Work to be completed:
Please repeat, exactly and without pictures, the lines of the entries below that run from the one containing "Designed with attention" through the one containing "Theo số liệu".

Data supplied:
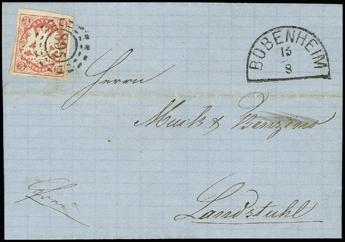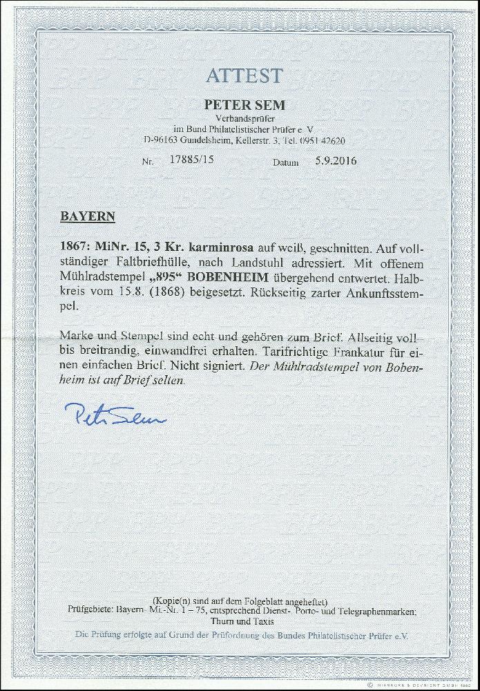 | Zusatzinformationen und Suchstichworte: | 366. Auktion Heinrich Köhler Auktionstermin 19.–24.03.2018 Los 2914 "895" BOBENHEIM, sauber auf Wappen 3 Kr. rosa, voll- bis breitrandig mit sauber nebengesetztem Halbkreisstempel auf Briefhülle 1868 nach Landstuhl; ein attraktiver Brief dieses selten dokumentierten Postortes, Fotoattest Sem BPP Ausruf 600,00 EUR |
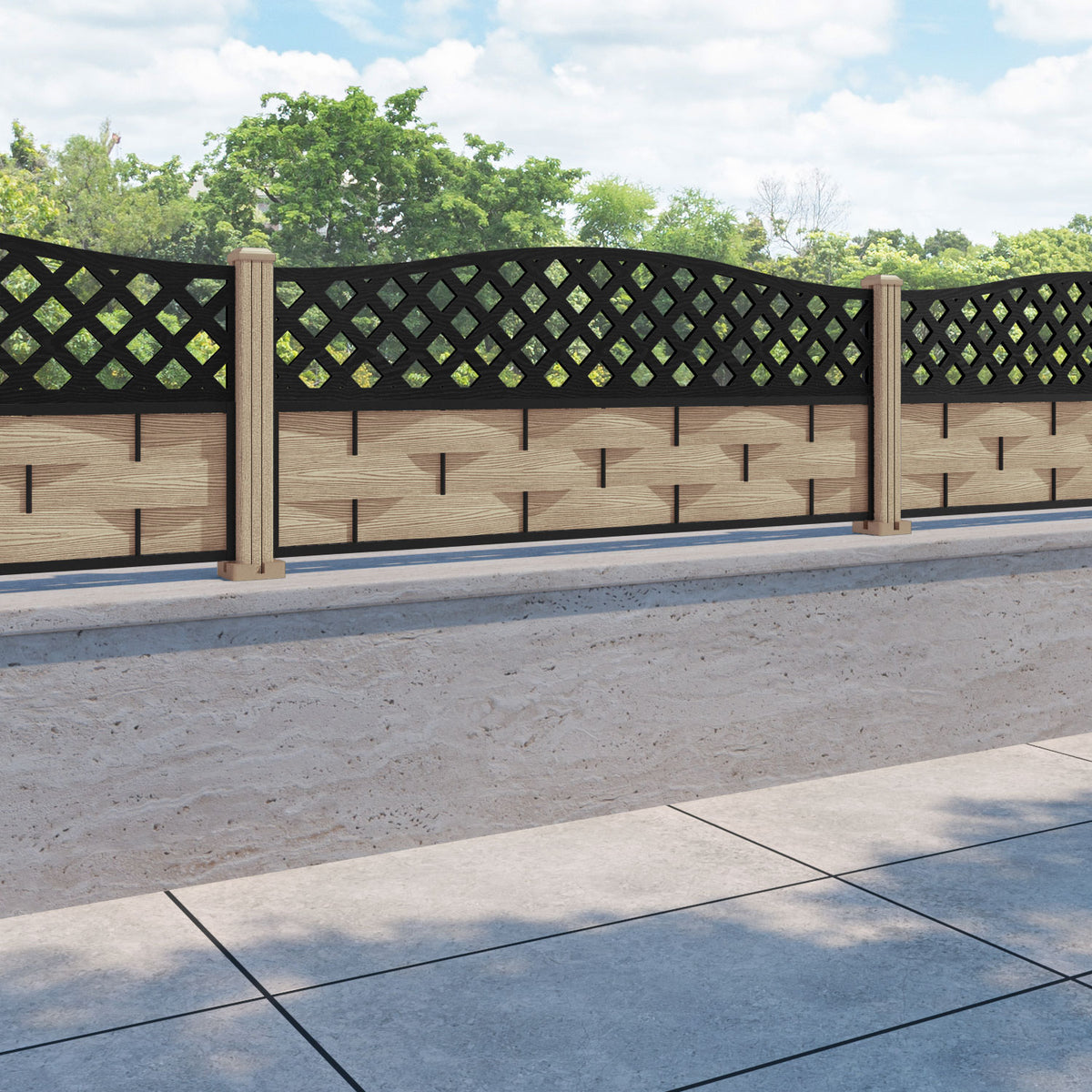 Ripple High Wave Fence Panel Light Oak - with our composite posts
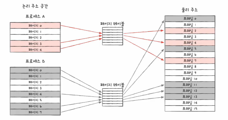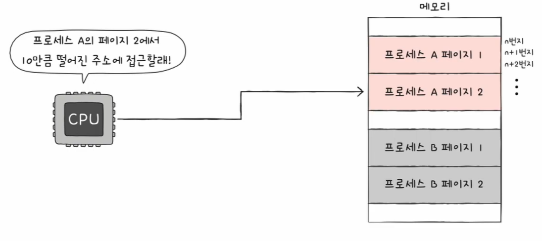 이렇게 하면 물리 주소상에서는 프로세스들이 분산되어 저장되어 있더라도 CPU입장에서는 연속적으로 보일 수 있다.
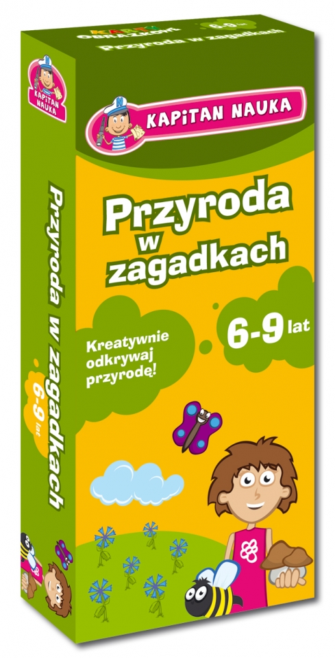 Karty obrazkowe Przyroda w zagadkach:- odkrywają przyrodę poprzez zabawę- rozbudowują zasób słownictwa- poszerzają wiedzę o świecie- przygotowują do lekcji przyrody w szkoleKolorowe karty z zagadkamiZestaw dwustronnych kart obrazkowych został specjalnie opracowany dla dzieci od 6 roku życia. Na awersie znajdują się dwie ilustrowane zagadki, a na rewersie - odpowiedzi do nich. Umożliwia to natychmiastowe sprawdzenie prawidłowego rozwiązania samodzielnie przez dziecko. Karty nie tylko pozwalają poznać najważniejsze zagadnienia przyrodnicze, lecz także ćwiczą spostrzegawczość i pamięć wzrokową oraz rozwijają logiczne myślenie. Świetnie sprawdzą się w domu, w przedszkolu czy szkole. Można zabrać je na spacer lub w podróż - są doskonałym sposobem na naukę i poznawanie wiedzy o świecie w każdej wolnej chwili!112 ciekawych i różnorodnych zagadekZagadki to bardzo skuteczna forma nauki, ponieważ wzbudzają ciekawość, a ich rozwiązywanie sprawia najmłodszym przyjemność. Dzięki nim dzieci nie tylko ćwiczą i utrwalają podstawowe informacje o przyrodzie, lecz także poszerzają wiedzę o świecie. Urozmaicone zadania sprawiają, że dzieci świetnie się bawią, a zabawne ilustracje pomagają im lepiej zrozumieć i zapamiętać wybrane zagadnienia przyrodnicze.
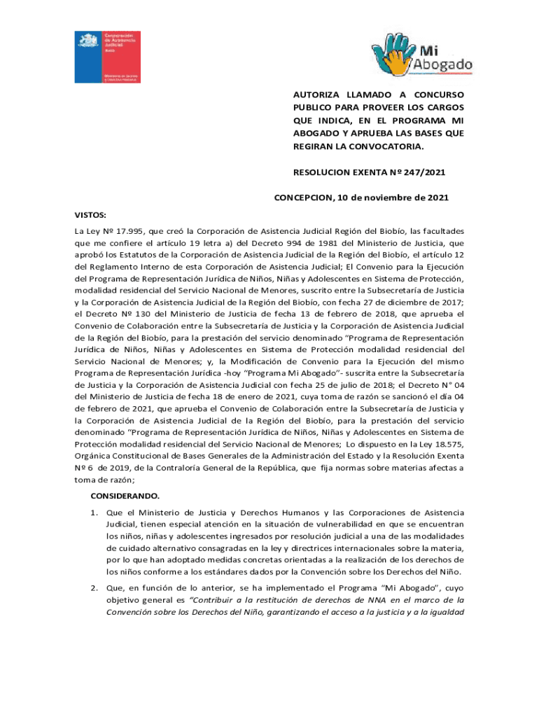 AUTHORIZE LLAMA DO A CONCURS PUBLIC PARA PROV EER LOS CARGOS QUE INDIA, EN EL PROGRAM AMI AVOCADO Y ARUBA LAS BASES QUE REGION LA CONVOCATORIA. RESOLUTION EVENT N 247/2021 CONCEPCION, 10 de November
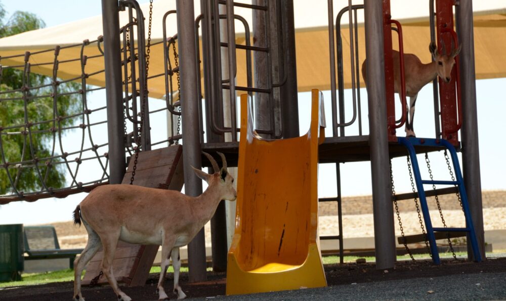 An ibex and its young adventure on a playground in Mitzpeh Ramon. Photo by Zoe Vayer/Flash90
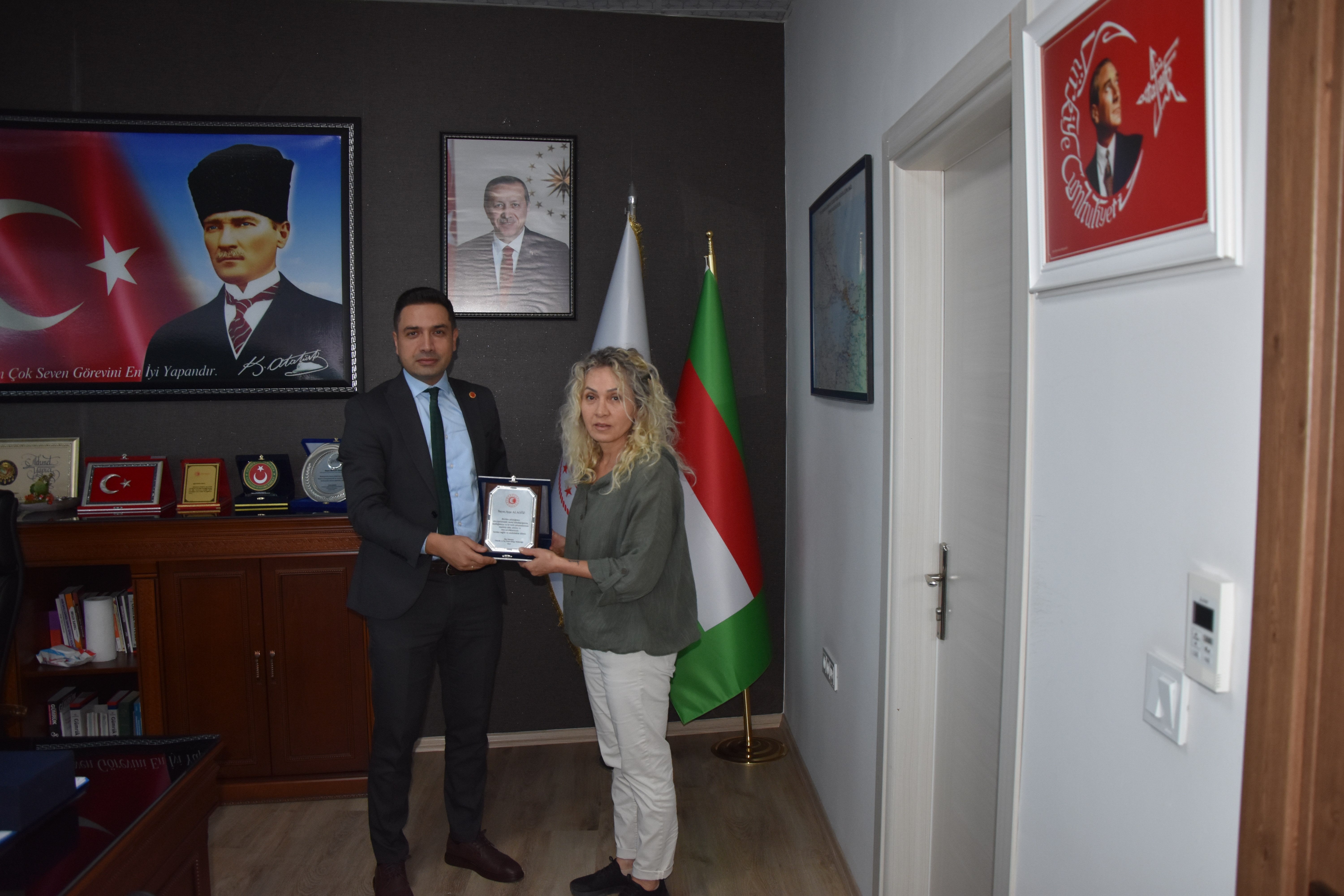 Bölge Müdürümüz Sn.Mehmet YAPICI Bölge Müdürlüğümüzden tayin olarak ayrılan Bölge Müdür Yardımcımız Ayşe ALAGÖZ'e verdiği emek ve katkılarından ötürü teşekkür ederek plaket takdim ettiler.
* * *
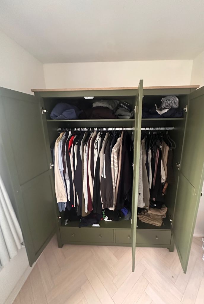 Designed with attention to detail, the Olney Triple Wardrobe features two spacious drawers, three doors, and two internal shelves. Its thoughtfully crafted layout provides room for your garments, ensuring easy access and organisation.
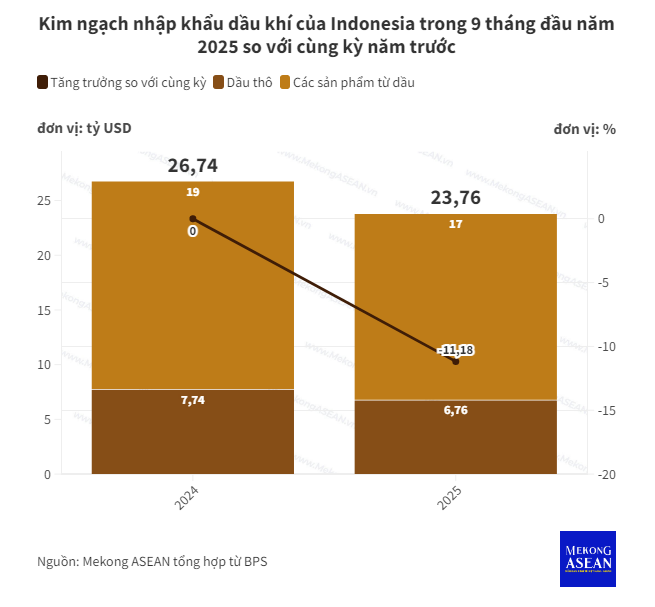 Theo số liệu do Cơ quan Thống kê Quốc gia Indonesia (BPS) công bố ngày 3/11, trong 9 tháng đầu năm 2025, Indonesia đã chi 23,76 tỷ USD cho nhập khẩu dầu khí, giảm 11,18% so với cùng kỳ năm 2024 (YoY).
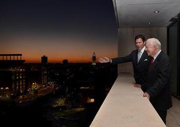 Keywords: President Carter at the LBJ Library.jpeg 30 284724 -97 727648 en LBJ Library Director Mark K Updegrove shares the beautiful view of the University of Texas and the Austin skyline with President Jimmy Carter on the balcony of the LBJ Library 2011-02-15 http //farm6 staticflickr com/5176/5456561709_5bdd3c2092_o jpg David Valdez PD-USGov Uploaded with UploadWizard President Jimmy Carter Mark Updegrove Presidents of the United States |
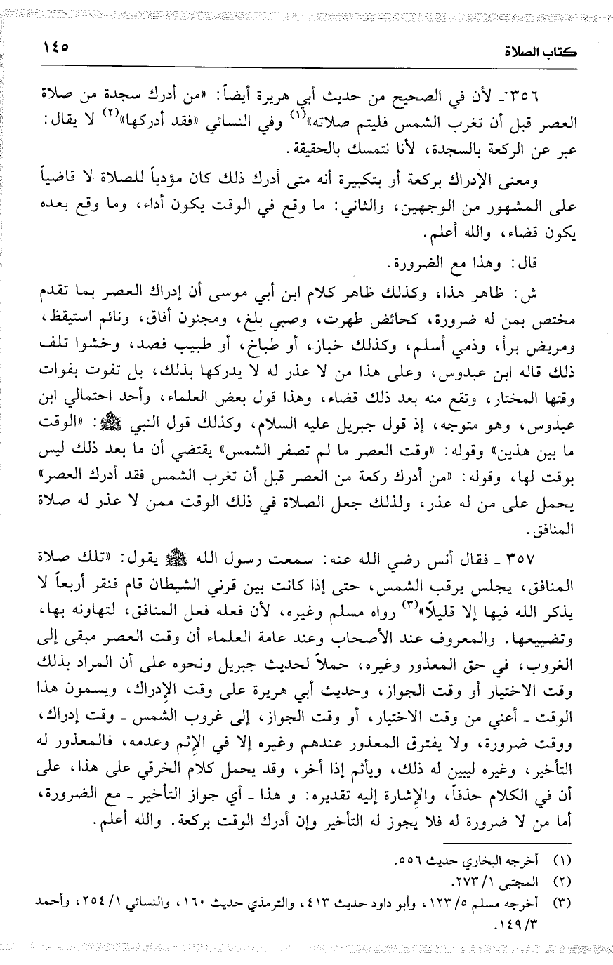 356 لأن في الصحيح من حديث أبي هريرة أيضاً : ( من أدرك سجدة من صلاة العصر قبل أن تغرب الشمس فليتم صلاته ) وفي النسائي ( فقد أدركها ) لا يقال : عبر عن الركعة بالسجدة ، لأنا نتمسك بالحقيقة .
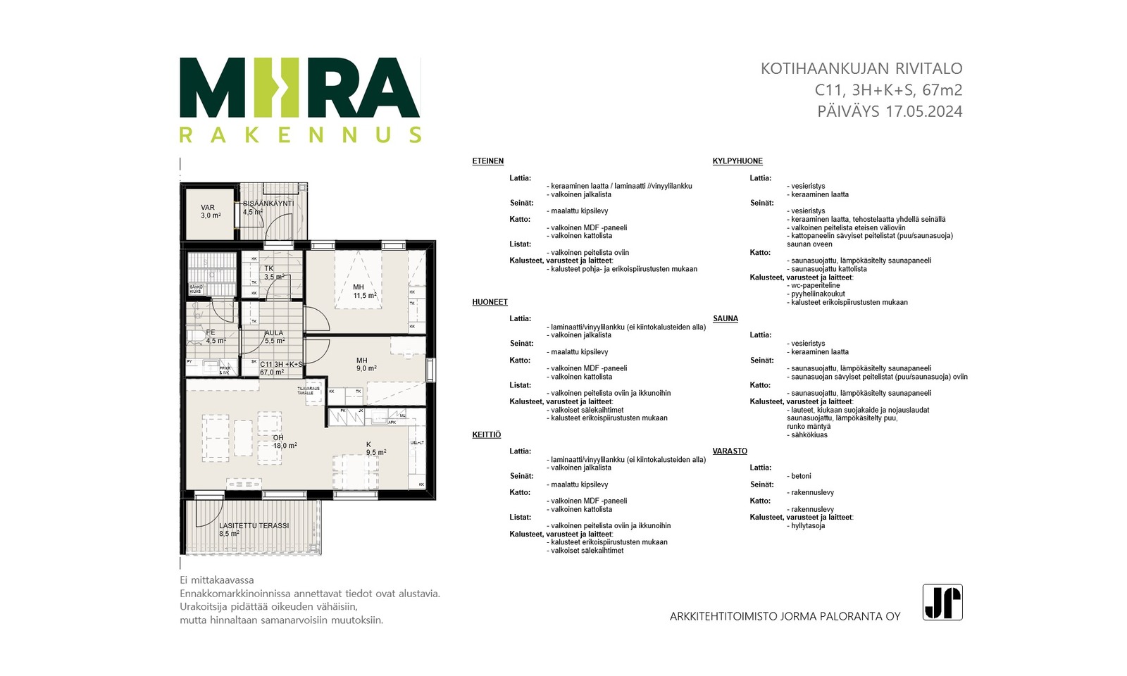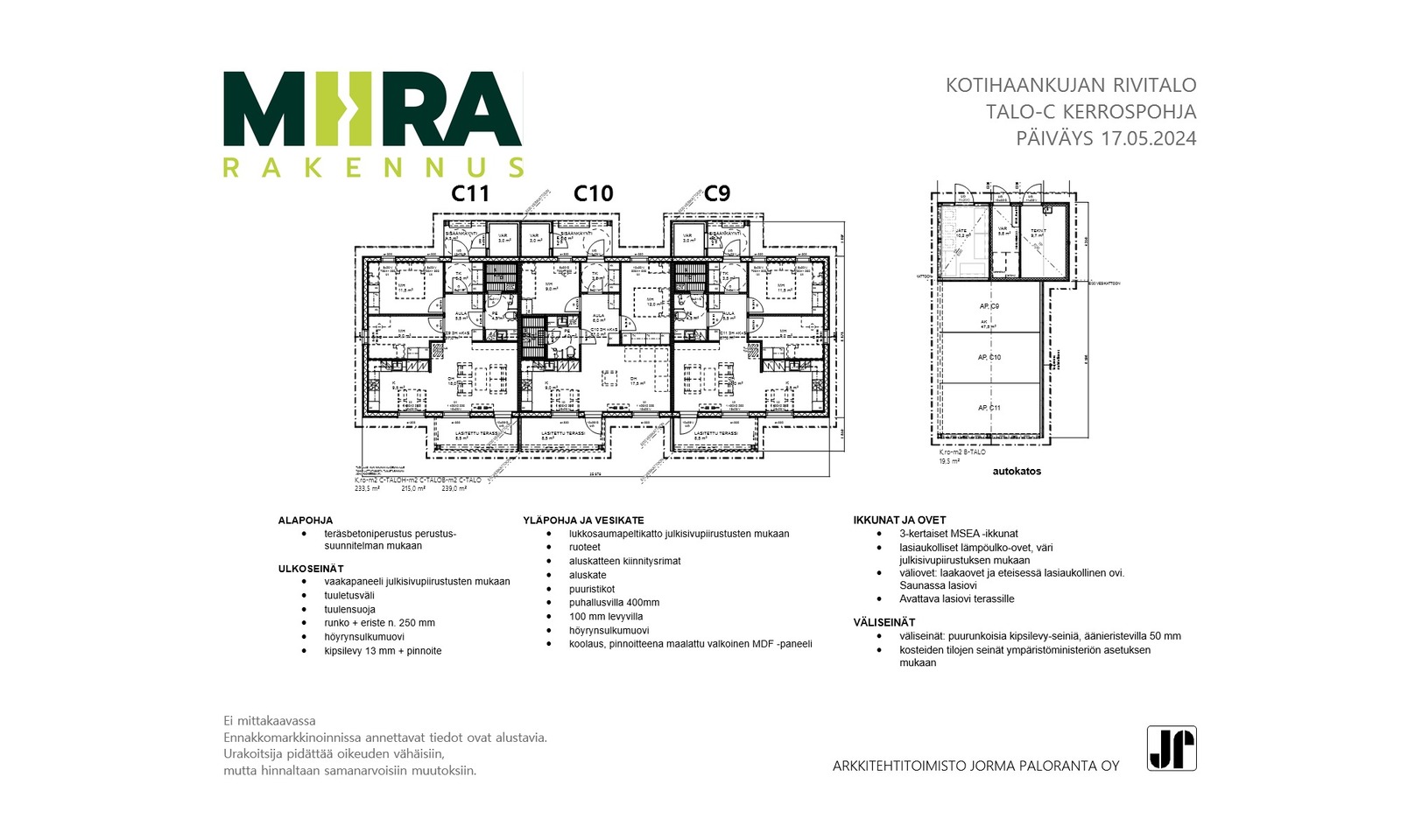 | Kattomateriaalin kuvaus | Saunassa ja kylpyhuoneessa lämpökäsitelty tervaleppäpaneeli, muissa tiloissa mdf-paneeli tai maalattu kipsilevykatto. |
--
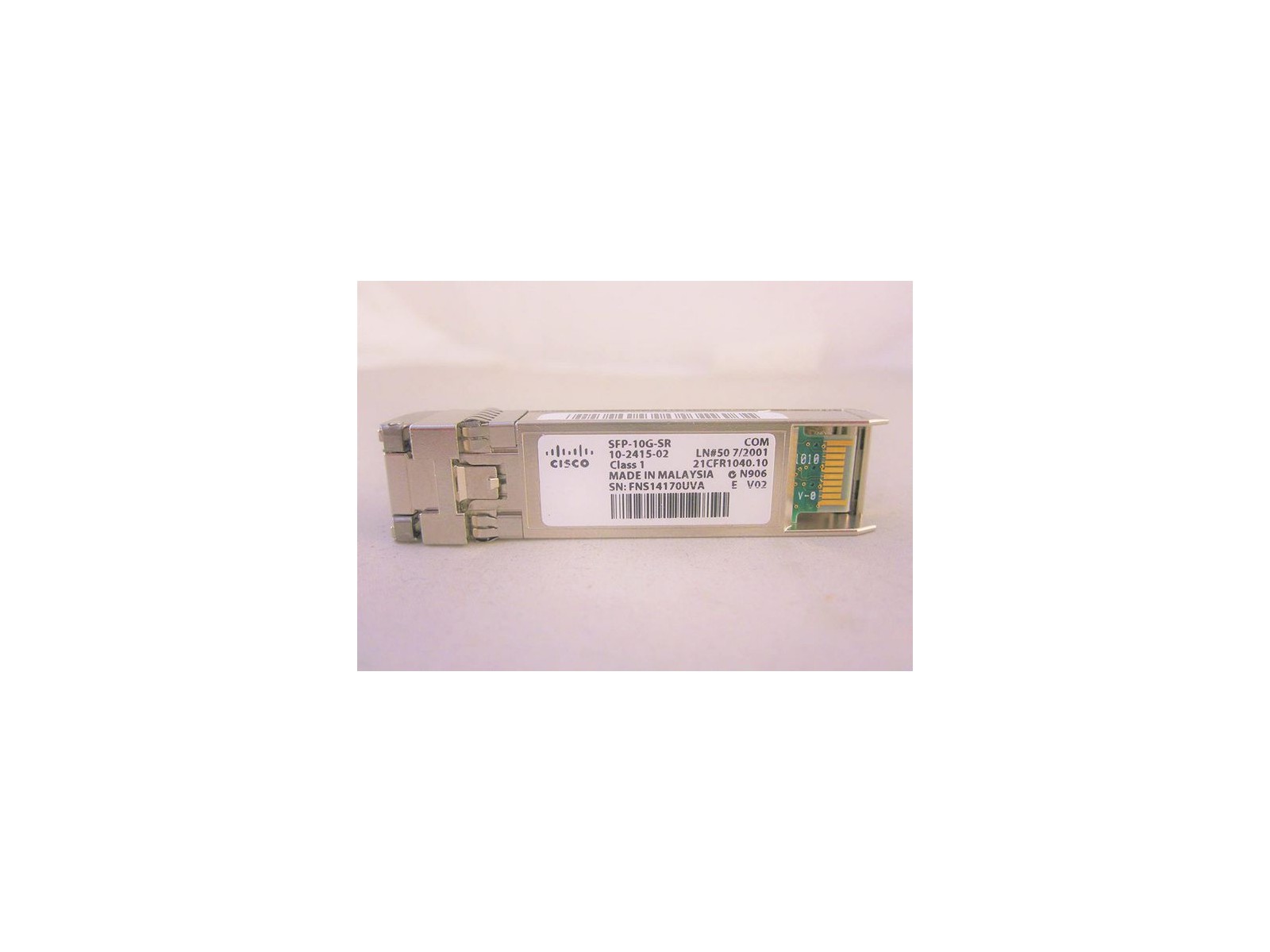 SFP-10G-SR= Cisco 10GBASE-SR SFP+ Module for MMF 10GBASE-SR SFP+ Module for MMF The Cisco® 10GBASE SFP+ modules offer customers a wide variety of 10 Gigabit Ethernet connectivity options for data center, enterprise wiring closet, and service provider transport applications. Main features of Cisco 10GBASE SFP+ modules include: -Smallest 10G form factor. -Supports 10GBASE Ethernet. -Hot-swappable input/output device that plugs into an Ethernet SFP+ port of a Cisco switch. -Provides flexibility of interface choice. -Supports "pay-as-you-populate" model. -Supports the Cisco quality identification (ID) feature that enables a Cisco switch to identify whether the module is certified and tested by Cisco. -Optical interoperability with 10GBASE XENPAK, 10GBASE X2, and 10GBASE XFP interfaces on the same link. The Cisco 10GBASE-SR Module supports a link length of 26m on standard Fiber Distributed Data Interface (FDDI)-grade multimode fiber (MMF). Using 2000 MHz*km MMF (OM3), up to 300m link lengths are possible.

Completed exercise:
 Designed with attention to detail, the Olney Triple Wardrobe features two spacious drawers, three doors, and two internal shelves. Its thoughtfully crafted layout provides room for your garments, ensuring easy access and organisation.
 Theo số liệu do Cơ quan Thống kê Quốc gia Indonesia (BPS) công bố ngày 3/11, trong 9 tháng đầu năm 2025, Indonesia đã chi 23,76 tỷ USD cho nhập khẩu dầu khí, giảm 11,18% so với cùng kỳ năm 2024 (YoY).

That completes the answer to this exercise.